EXERCISE AIM.
Below are some records. Output the lines from the first one through the line that holds "average of 90–110;", exactly as written, with no pictures.

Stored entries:
=== Section Start ===
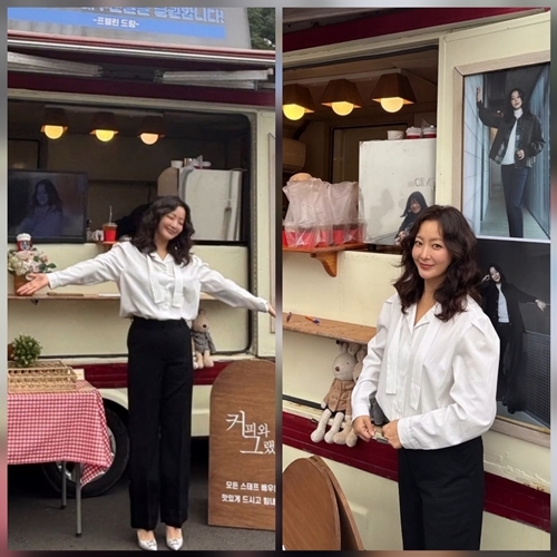 커피차에는 “김희선 배우님과 다음 생은 없으니까, 모든 스태프 배우분들을 응원합니다!”라는 응원 문구가 걸려 있어 눈길을 끌었다. 김희선은 화이트 블라우스와 블랙 팬츠로 단정하면서도 세련된 스타일을 완성, 특유의 단아한 미소로 현장의 분위기를 따뜻하게 물들였다.
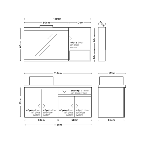 Διαστάσεις Καθρέπτη: M120 ( Ντουλαπάκι-Ράφι :Π 80+40 Υ 20 +40 ) xY60 εκ.
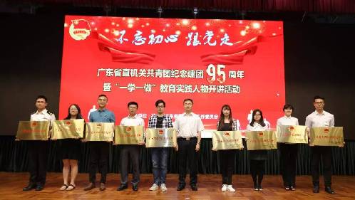 95年前的5月5日,中國共產主義青年團正式成立。為紀念這個特殊的日子,結合落實團中央開展“一學一做”教育實踐,共青團廣東省直屬機關工作委員會在廣州舉行“不忘初心跟黨走”——廣東省直機關共青團紀念建團95周年暨“一學一做”教育實踐人物開講活動。省直機關工委副書記胡明出席活動,并為獲得2016-2017年度廣東省五四紅旗團支部、團委的團組織代表頒發獎牌。
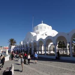 Other than visiting the church, we were quite happy just to wander the streets and admire the views. I love the contrasts of the crisp white buildings and the blue Greek flags against the background of browns and reds of the cliffs and the blue of the sky and the sea. I didn’t realise when booking that the island shuts down on 31st October and we are at the very end of the tourist season. The huge plus with visiting now is there is hardly anyone about so we really get to enjoy the area. We had heard from friends how crowded Santorini is and we were not looking forward to the crowds. This is heaven.
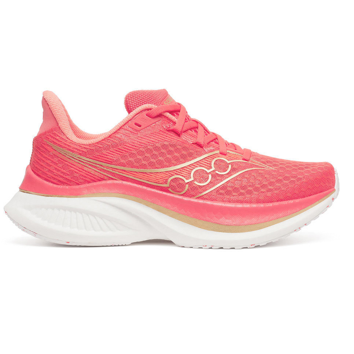 De Saucony Endorphin 5 (Coral/Salmon) dames een een vederlichte, snelle traininingsschoen met een kunststof nylon plaat over de gehele lengte. Deze schoen neemt je mee tijdens jouw tempotrainingen en dat PR op de marathon of verder. Een heerlijk reactief gevoel bij iedere stap!
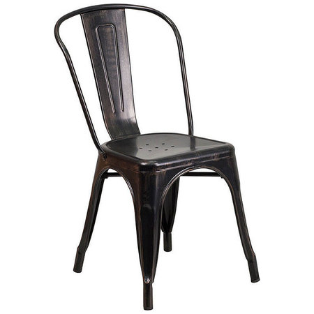 Flash Furniture CH-31230-BQ-GG, Indoor / Outdoor Stackable Steel Dining Chair, Black Antique Gold
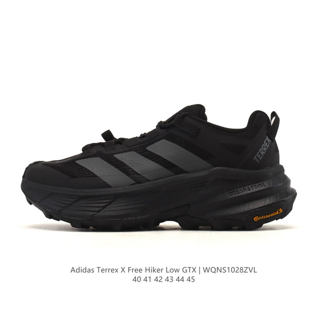 新品公司级 阿迪达斯 Adidas Terrex Free Hiker Sl Gtx 舒适百搭跑步鞋 男款 Adidas Terrex Free Hiker Gtx 是一款专为户外徒步设计的专业鞋款,结合了舒适性与抓地力,采用Gore-Tex技术实现防水透气功能。Gore-Tex技术:鞋面采用Gore-Tex镀膜,有效阻挡雨水渗透,同时保持脚部干爽透气,适合多变的户外天气。 Continental橡胶大底:提供出色的抓地力,尤其在湿滑路面 如岩石、泥地 上防滑性能优异。 轻量化设计:男款42.5码单只重量
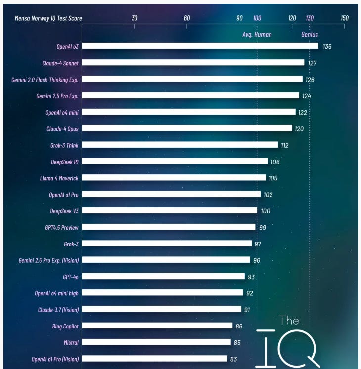 • OpenAI's o3 model achieved the highest cognitive score in Voronoi's AI benchmark test, scoring 135 on Norway’s Mensa IQ test, surpassing the human average of 90–110;
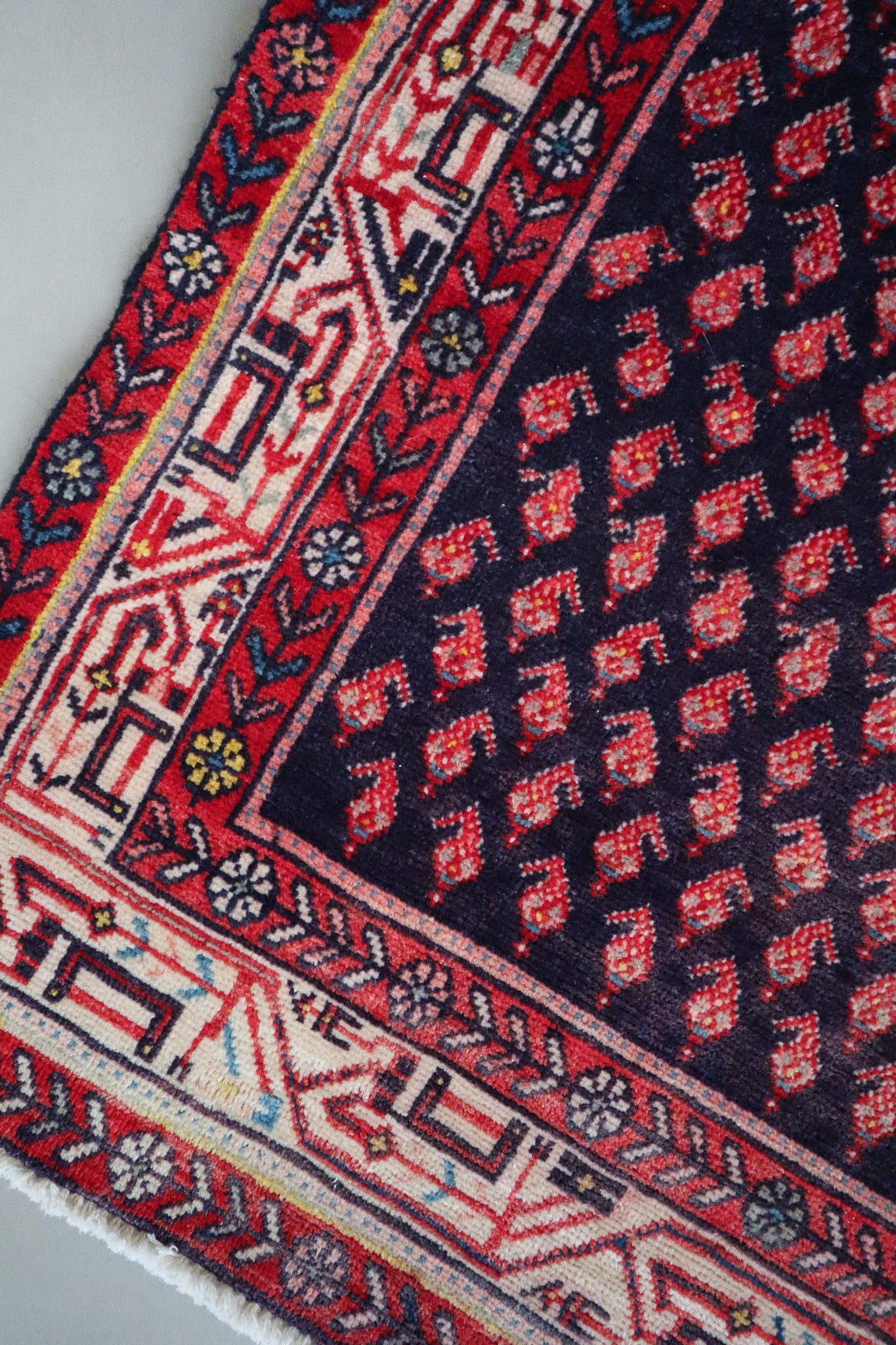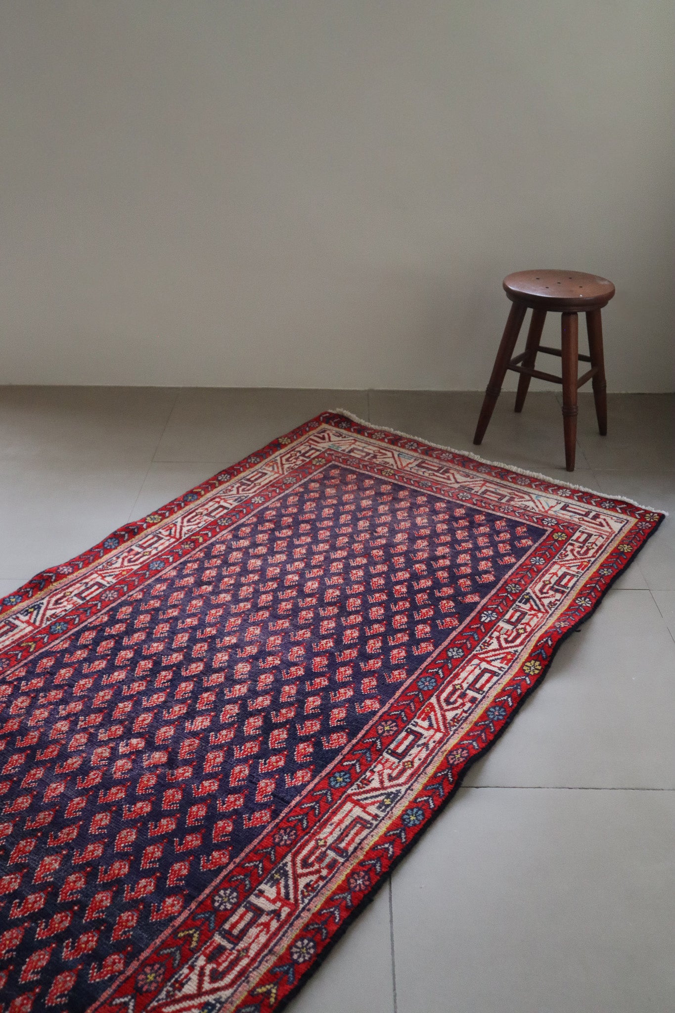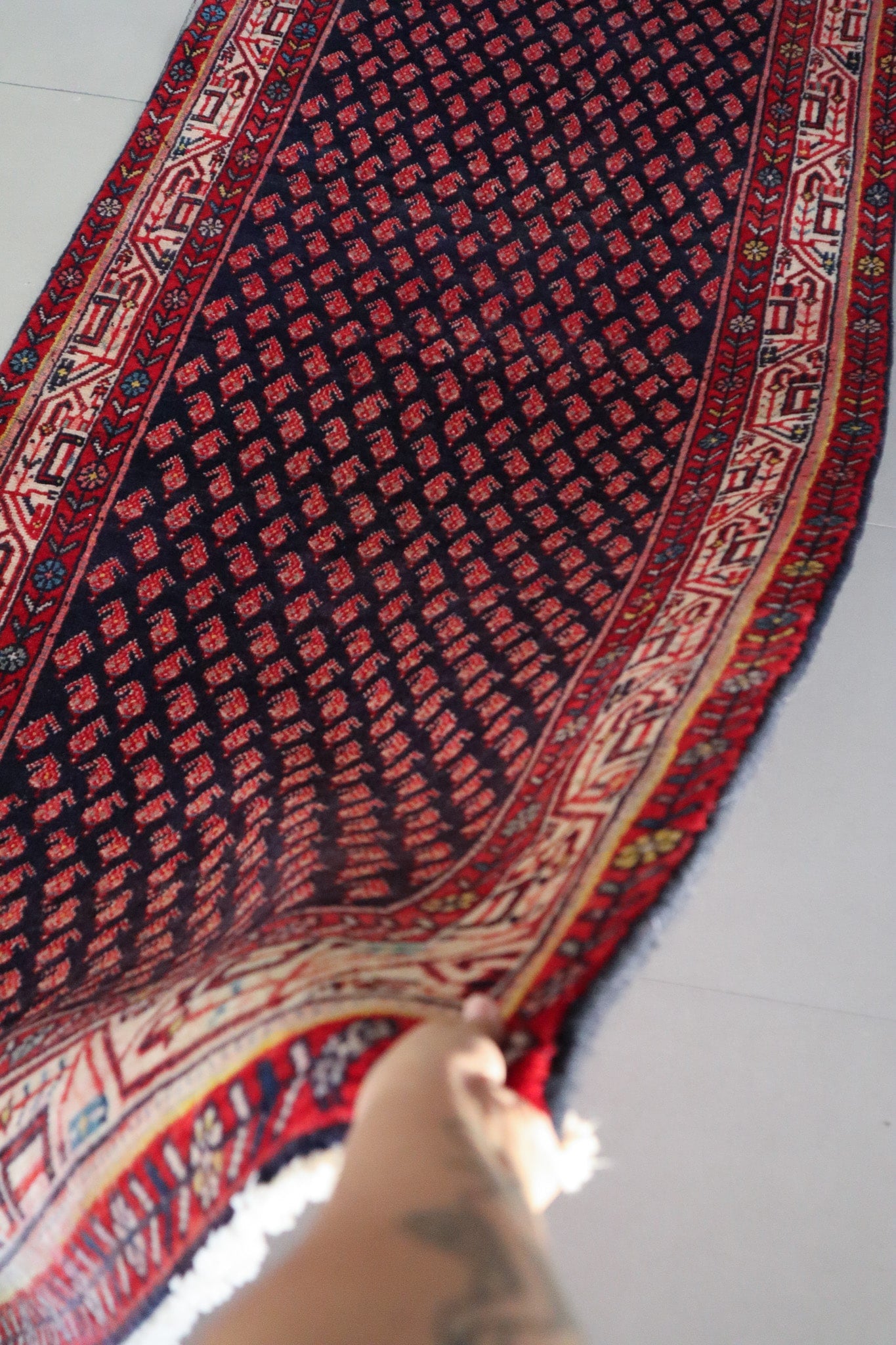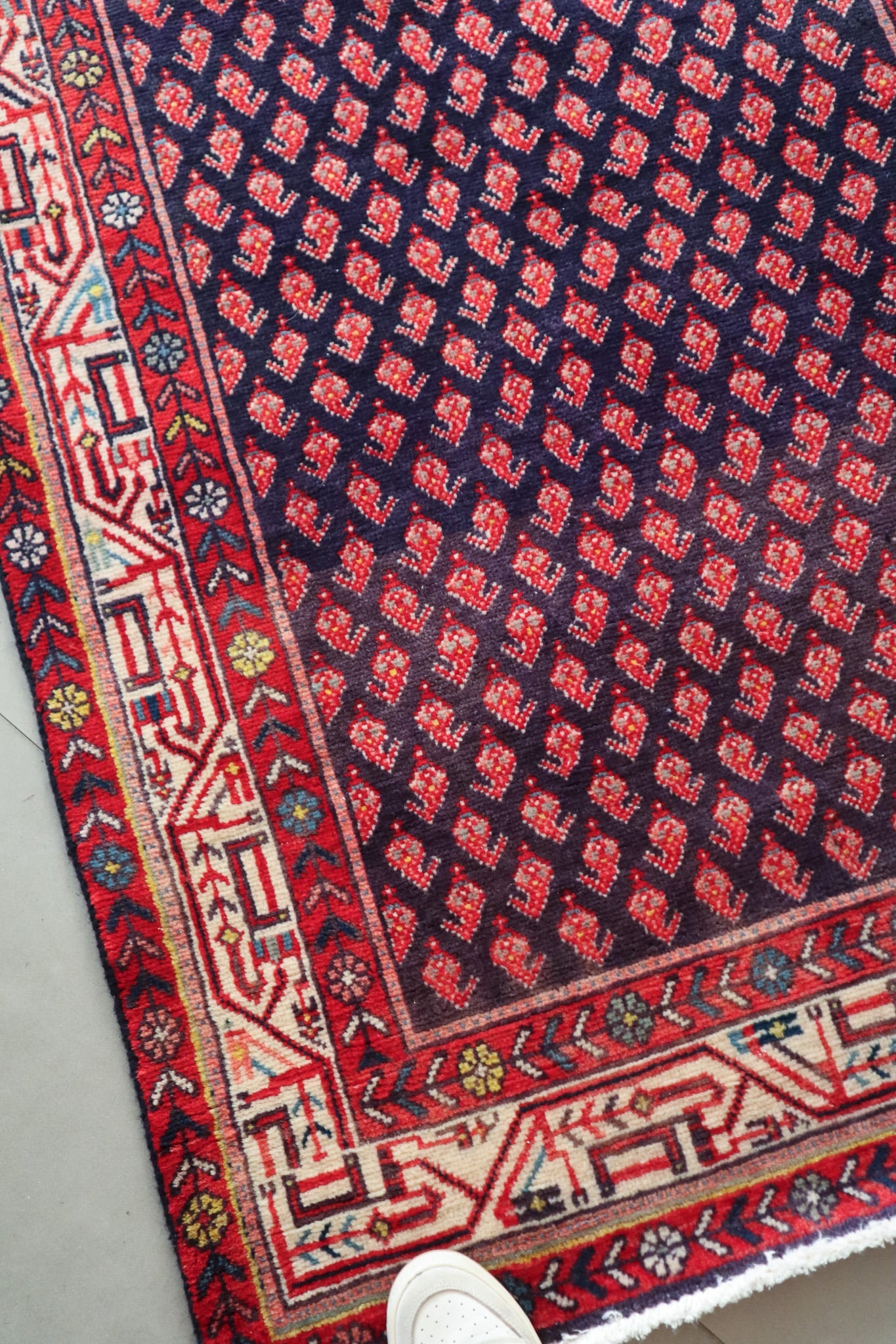 This Persian Saraband Mir runner showcases a classic Boteh pattern, reflecting the renowned Mir weaving tradition. With a blue backdrop, red and beige borders, and lively accents, this piece captures Saraband's cultural heritage in a visually stunning design.
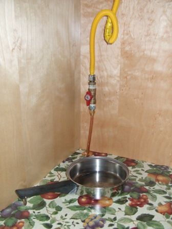 For some reason, Wifee wanted to store pots and pans in the cabinet under the cook top J fortunately, protecting the gas line is simple.
=== Section End ===
SOLUTION TO THE PROBLEM.
 커피차에는 “김희선 배우님과 다음 생은 없으니까, 모든 스태프 배우분들을 응원합니다!”라는 응원 문구가 걸려 있어 눈길을 끌었다. 김희선은 화이트 블라우스와 블랙 팬츠로 단정하면서도 세련된 스타일을 완성, 특유의 단아한 미소로 현장의 분위기를 따뜻하게 물들였다.
 Διαστάσεις Καθρέπτη: M120 ( Ντουλαπάκι-Ράφι :Π 80+40 Υ 20 +40 ) xY60 εκ.
 95年前的5月5日,中國共產主義青年團正式成立。為紀念這個特殊的日子,結合落實團中央開展“一學一做”教育實踐,共青團廣東省直屬機關工作委員會在廣州舉行“不忘初心跟黨走”——廣東省直機關共青團紀念建團95周年暨“一學一做”教育實踐人物開講活動。省直機關工委副書記胡明出席活動,并為獲得2016-2017年度廣東省五四紅旗團支部、團委的團組織代表頒發獎牌。
 Other than visiting the church, we were quite happy just to wander the streets and admire the views. I love the contrasts of the crisp white buildings and the blue Greek flags against the background of browns and reds of the cliffs and the blue of the sky and the sea. I didn’t realise when booking that the island shuts down on 31st October and we are at the very end of the tourist season. The huge plus with visiting now is there is hardly anyone about so we really get to enjoy the area. We had heard from friends how crowded Santorini is and we were not looking forward to the crowds. This is heaven.
 De Saucony Endorphin 5 (Coral/Salmon) dames een een vederlichte, snelle traininingsschoen met een kunststof nylon plaat over de gehele lengte. Deze schoen neemt je mee tijdens jouw tempotrainingen en dat PR op de marathon of verder. Een heerlijk reactief gevoel bij iedere stap!
 Flash Furniture CH-31230-BQ-GG, Indoor / Outdoor Stackable Steel Dining Chair, Black Antique Gold
 新品公司级 阿迪达斯 Adidas Terrex Free Hiker Sl Gtx 舒适百搭跑步鞋 男款 Adidas Terrex Free Hiker Gtx 是一款专为户外徒步设计的专业鞋款,结合了舒适性与抓地力,采用Gore-Tex技术实现防水透气功能。Gore-Tex技术:鞋面采用Gore-Tex镀膜,有效阻挡雨水渗透,同时保持脚部干爽透气,适合多变的户外天气。 Continental橡胶大底:提供出色的抓地力,尤其在湿滑路面 如岩石、泥地 上防滑性能优异。 轻量化设计:男款42.5码单只重量
 • OpenAI's o3 model achieved the highest cognitive score in Voronoi's AI benchmark test, scoring 135 on Norway’s Mensa IQ test, surpassing the human average of 90–110;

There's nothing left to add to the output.